There are many ways to implement this interface, but one possible approach is as follows:
* Select values for parameters `DefaultRangeSize` and `MinResponses`
* Let `PendingStart` be the first height greater than `LocalFinalizedHeight` that has been received less than `MinResponses` times
* Let `RangeStart` be equal to `LocalFinalizedHeight + 1`
* Let `RangeEnd` be the smaller of `TargetFinalizedHeight` and `PendingStart + DefaultRangeSize`

The reason we keep track of `PendingStart` is to ensure that `RangeEnd` eventually increases even if the local finalized height doesn't. This is needed to address the second last item in [Potential Problems](#potential-problems).
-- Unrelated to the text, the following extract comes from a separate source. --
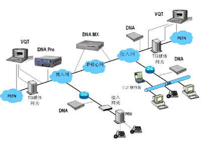 以上兩種測試方法也可以結(jié)合使用,在進行端到端VQT測試時,在NGN網(wǎng)絡(luò)的中間網(wǎng)段(根據(jù)需要可以設(shè)置多個監(jiān)測點)部署分布式網(wǎng)絡(luò)分析儀(DNA),進行被動式RTP/RTCP監(jiān)測,從而判斷出造成語音質(zhì)量下降的環(huán)節(jié)所在。如下圖所示:

The target finalized height represents the speculated finalized block height of the overall chain, and should reflect the Sync Height Responses that have been received while accounting for the possibility that some of these responses are malicious. Therefore, the Sync Height Response processing logic should incorporate some sort of expiration / filtering mechanism. The details of this logic can be abstracted with an interface:

```golang
type TargetFinalizedHeight interface {
// Update processes a height received from a Sync Height Response
// and updates the finalized height estimate.
Update(height uint64, originID flow.Identifier)

// Get returns the estimated finalized height of the overall chain.
Get() uint64
}
```

One possible approach is to maintain a sliding window of the most recent Sync Height Responses, and take the median of these values. This implies that the target finalized height will always lag slightly behind the true finalized height, which may or may not be a problem depending on the block finalization rate.